The most meaningful models for the building extraction task in this study are fully convolutional networks (FCNs) and U-Net. In terms of task implementation, this study refers to the end-to-end idea of FCN. After the CNN (convolutional neural network) was proposed, researchers tried to apply its excellent learning performance to semantic segmentation tasks, for which the pioneering work is the FCN proposed by Long et al. (2015). FCN utilizes the powerful feature extraction capabilities of CNN to achieve end-to-end, pixel-to-pixel segmentation prediction and replaces traditional fully connected layers with convolutional layers. FCN also adapts classic network structures, such as AlexNet, VGG16, and GoogLeNet, to fully convolutional models and verifies their performance in semantic segmentation. In addition, FCN can accept input images of an arbitrary size with a fixed number and size of convolutional layers, and performs pixel-wise predictions on the input images through learnable deconvolution in terms of up-sampling.

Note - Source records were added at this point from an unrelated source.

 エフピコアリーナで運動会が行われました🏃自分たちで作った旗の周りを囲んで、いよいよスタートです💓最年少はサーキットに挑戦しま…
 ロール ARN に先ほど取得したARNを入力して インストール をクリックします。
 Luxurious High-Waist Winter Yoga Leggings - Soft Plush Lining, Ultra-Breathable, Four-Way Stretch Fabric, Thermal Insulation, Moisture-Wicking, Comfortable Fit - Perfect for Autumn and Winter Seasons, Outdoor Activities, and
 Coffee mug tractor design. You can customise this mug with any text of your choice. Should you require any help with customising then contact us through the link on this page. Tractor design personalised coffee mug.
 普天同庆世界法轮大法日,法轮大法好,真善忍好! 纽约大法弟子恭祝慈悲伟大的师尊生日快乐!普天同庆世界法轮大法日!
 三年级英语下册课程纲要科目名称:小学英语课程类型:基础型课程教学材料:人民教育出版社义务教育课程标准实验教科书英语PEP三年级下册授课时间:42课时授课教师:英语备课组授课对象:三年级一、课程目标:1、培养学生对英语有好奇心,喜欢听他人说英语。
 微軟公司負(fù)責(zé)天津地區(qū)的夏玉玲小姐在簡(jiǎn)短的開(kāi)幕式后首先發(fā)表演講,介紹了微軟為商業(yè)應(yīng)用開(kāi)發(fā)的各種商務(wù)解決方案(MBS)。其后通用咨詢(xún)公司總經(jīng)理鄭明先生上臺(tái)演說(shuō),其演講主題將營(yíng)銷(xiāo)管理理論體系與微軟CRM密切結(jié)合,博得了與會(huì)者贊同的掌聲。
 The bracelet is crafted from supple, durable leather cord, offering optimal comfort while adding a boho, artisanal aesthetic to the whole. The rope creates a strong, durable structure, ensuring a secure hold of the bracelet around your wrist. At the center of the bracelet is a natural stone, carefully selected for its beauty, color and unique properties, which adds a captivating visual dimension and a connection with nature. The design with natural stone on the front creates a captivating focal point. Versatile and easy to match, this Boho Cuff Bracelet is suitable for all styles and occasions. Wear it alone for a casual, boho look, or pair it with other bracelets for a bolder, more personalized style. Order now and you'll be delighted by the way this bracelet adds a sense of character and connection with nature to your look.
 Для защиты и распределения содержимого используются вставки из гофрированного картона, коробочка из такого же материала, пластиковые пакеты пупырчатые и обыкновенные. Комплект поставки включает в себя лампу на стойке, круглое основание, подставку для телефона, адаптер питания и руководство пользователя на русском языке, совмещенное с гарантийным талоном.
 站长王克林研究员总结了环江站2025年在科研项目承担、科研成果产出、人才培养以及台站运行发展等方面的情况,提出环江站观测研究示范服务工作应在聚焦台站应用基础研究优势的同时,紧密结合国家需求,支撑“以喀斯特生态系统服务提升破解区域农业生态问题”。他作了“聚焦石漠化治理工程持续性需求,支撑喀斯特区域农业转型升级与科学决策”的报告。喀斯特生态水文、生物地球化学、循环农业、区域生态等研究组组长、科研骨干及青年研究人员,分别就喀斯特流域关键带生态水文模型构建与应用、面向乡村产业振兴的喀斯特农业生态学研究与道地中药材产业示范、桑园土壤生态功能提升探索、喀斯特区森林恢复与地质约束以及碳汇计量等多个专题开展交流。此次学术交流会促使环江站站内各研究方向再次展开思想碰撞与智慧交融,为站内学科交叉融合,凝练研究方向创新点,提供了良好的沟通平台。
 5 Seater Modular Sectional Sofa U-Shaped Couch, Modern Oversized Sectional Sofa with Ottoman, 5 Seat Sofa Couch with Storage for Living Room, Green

After the performance of FCN is proved, more enlightening semantic segmentation models are proposed. Similar to U-Net in structure, PSPNet uses global pyramid pooling and deeply supervised loss as improvements, enhancing the ability of feature extraction. DenseASPP is proposed and used to solve the problem of insufficient feature resolution in the scale-axis. DANet proposes a dual-attention module that makes full use of image information and shows its performance in multi-class semantic segmentation. OCNet address the semantic segmentation task with a context aggregation scheme which focuses on enhancing the role of object information.

In this research, U-Net was referred to in the framework design. In U-Net, the contracting path performs the role of down-sampling, and the expansive path performs the role of up-sampling. It is worth noting that four connection channels were added, respectively concatenating the feature maps of four different resolutions in the down-sampling process with the corresponding layers in the up-sampling process. This operation avoids the loss of details in the down-sampling process, so that the shallow features extracted by the convolutional neural network can directly participate in the prediction.

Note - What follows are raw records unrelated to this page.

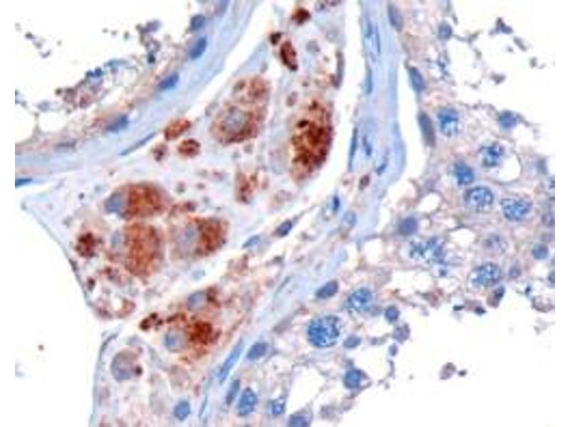 Immunohistochemistry: In paraffin embedded Human Testis shows granular cytoplasmic staining of Leydig cells. Recommended concentration: 10 μg/mL.
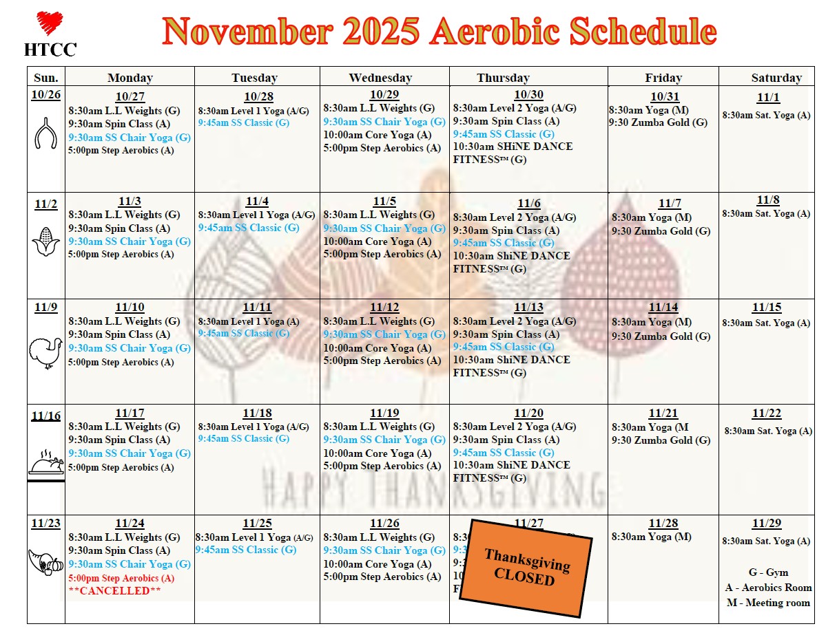 HTCC hosts a full aerobic program, offering numerous group fitness classes. They include, but are not limited to, Zumba, Step Aerobics, Yoga, Spinning, and more. Our Aerobics Schedule is updated monthly. HTCC reserves the right to cancel classes at their own discretion; every effort will be taken to post cancellations ahead of time
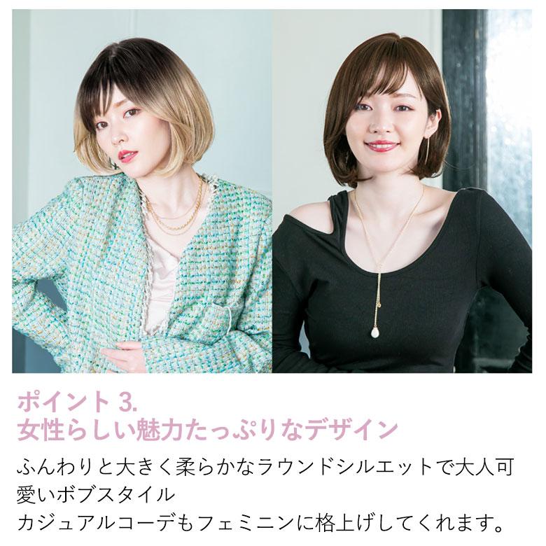 ふんわりと大きく柔らかなラウンドシルエットで大人可愛いボブスタイルは、カジュアルコーデもフェミニンに格上げしてくれます。
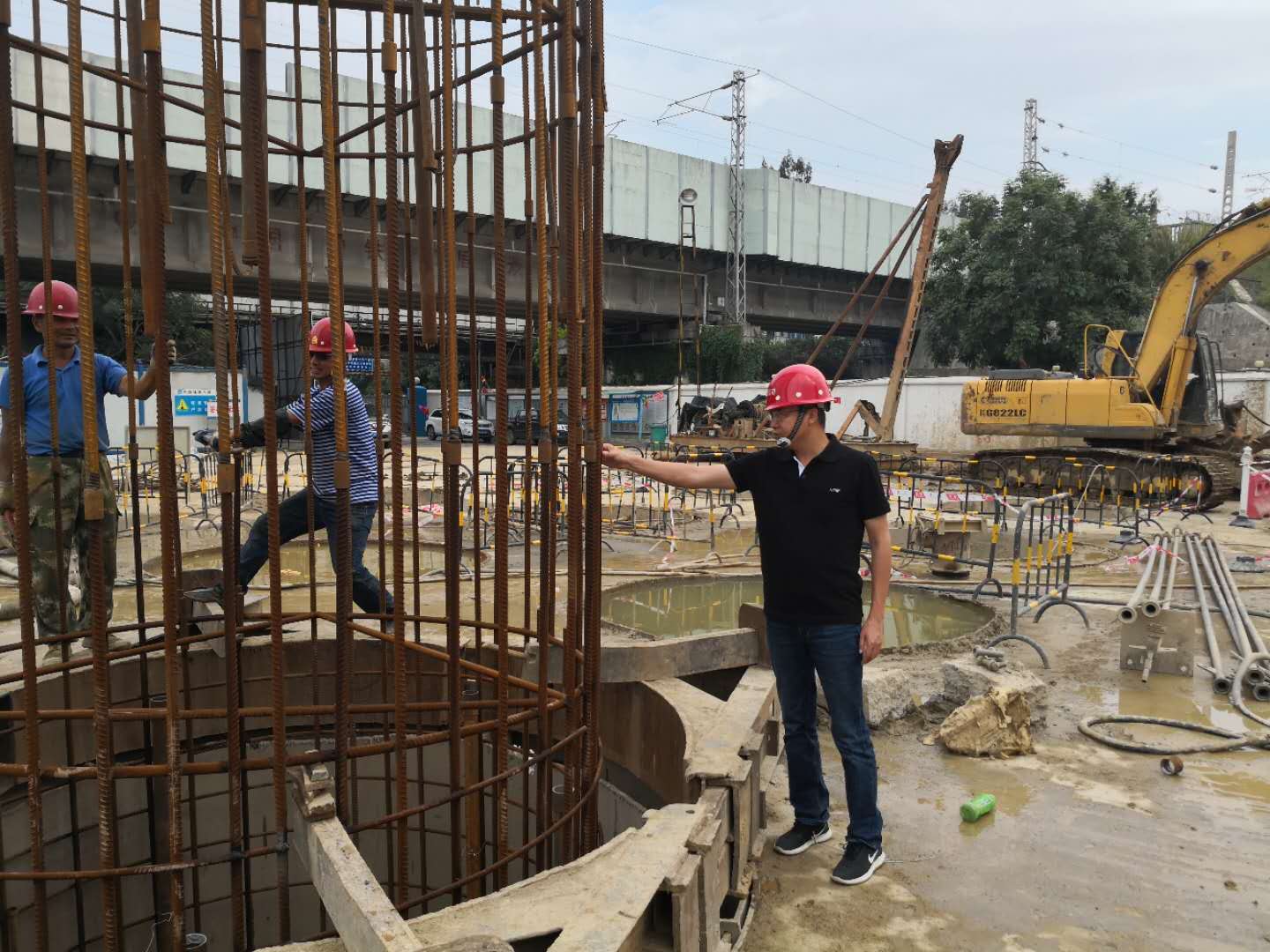 427日,在龍巖火車站片區(qū)路網(wǎng)項(xiàng)目工地,犀牛路二期正在進(jìn)行樁基、承臺(tái)和立柱施工,站前高架橋正在進(jìn)行墩柱和混凝土現(xiàn)澆梁施工,一派熱火朝天的建設(shè)場景39歲的龍巖國資企業(yè)干部孔華剛剛榮膺2018年“福建省勞動(dòng)模范”,從福州開完表彰會(huì)載譽(yù)歸來的顧不上休息,馬不停蹄地深入站前高架橋和犀牛路二期項(xiàng)目一線,檢查安全文明施工情況,督促項(xiàng)目施工進(jìn)度。

In the process of down-sampling, the convolution calculation combined with the ReLU activation function plays a role in increasing the nonlinear relationship between pixels, and the image is shrunk by a 2 × 2 max pooling operation with a stride of two. After each contraction, the number of channels is doubled by a 3 × 3 convolution. After four contractions, U-Net starts to use a 2 × 2 convolution for expansion, and the number of channels will be reduced to half of the original through a 1 × 1 convolution and concatenated with the feature maps in contraction. Then, the number of channels of the output will be reduced by a 3 × 3 convolution with the ReLU function. It is worth noting that edge pixels will be lost after the convolution operation, so the corresponding feature map from the shrinking unit needs to be cropped before concatenation. Finally, U-Net will output the segmentation map according to the set size (Ronneberger et al., 2015).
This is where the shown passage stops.